Но сегодня утром все сложилось иначе, потому что, когда я проснулся – сразу уловил, что мне со всей бесцеремонностью и бесспорностью что-то открылось. То ли тайна мироздания, то ли чудесное созвучие в полифонии добра и зла, то ли главная философская истина, которую принес из созвездия Льва метеорный поток Леонидов. И я понял: то была любовь, которой я за ночь напитался с таким противоестественным преизбытком, что готов был поделиться ею со всем миром и с каждой космической песчинкой. А еще, когда я во всей своей инфантильной обнаженности встал перед зеркалом, я подумал, несмотря на многочисленные свои морфологические недостатки, о красоте человеческого тела, а потом и о красоте самого человека, пусть даже красоте сомнительной, иррациональной. В таком грандиозном состоянии я вышел на улицу, мгновенно произвел свое нивелирование в этом мире или, лучше сказать, рекогносцировку, оглядев утренний город, замороженный декабрем до кристаллов, и неожиданно увидел себя неунывающим гондольером, плывущим в золоченой лодке в тени полусонных венецианских кварталов и напевающим под нос романтичную баркаролу…

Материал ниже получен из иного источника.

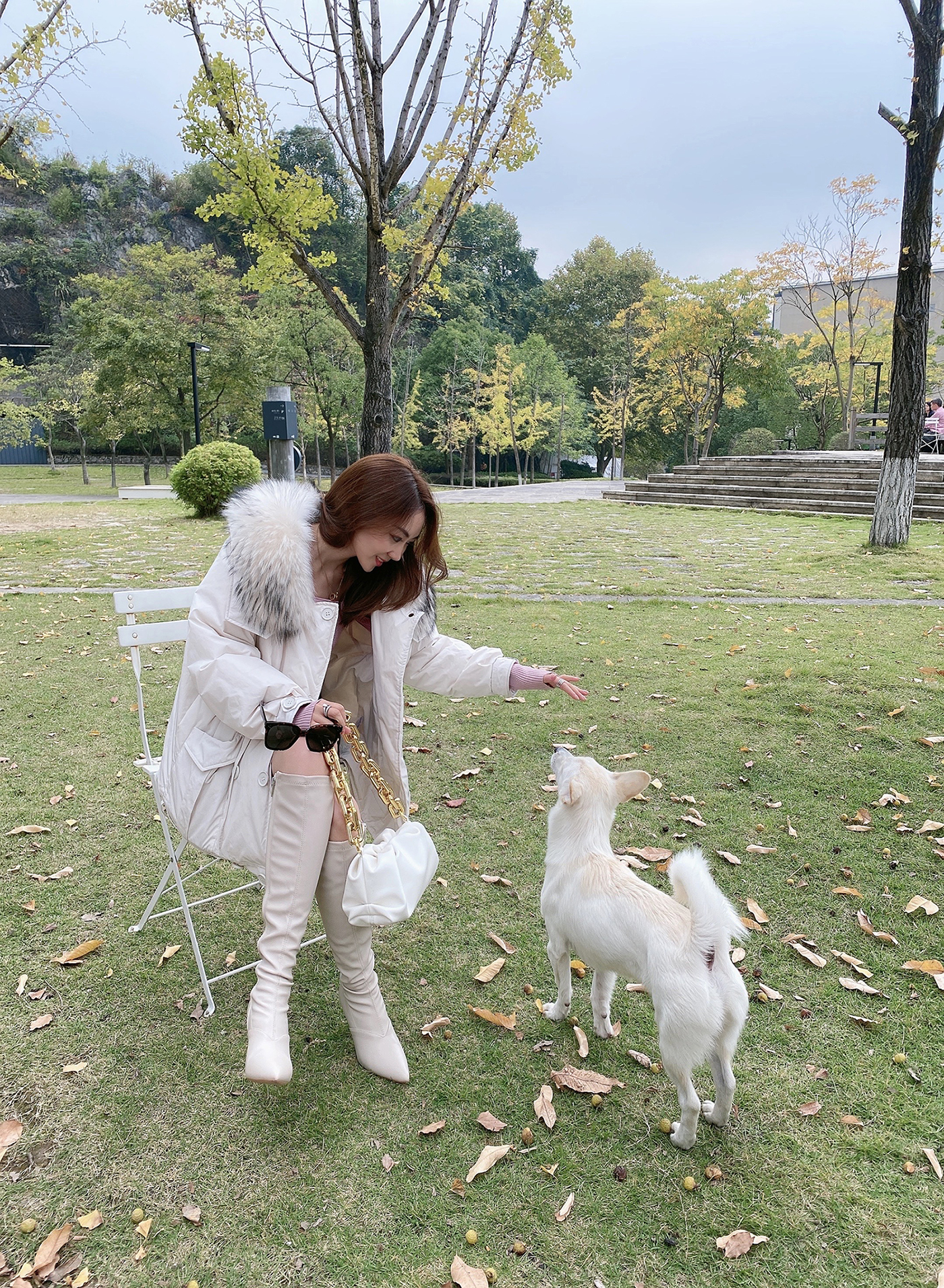 LDTJ Gaoding spring 2020 new loose in the long version of the big hair collar down jacket white duck down warm jacket

Уточню: я шел устраиваться на очередную работу, поскольку, несмотря на свои более чем скромные запросы, не являюсь копрофагом, то есть не могу питаться экскрементами, а это, пожалуй, единственное, что в нашем городе бесплатно, да еще и в избытке. Я нуждаюсь в чем-нибудь более существенном, к тому же должен оплачивать съемное жилье и покупать сборники кроссвордов и книги, без которых мое существование окончательно не имеет смысла. В другой раз я был бы в ужасе от такой задачи и вряд ли так быстро осмелился бы предпринять атаку, а уж если б и пошел – то как на Голгофу: десять раз возвращался бы, пятьдесят раз останавливался бы в сомнениях, мог бы вообще где-нибудь на лестнице уцепиться за перила и не пускать себя никуда до вечера, пока с облегчением не осознал бы, что спешить больше некуда, поскольку рабочий день у нанимателя закончился. Но сегодня все предстоящие сложности виделись мне издевательски ничтожными. Я готов был идти куда угодно, говорить с кем угодно, улыбаться, даже шутить, с вулканической мощью извергать свою любовь на всех, кто подвернется. А потом сутками напролет работать – делать все, что скажут, и за те деньги, которые заплатят. Всего одна была у меня с утра просьба к человекам: только не обижайте меня, ради всего святого, только не обижайте, пожалуйста! И тогда я готов всё-всё-всё…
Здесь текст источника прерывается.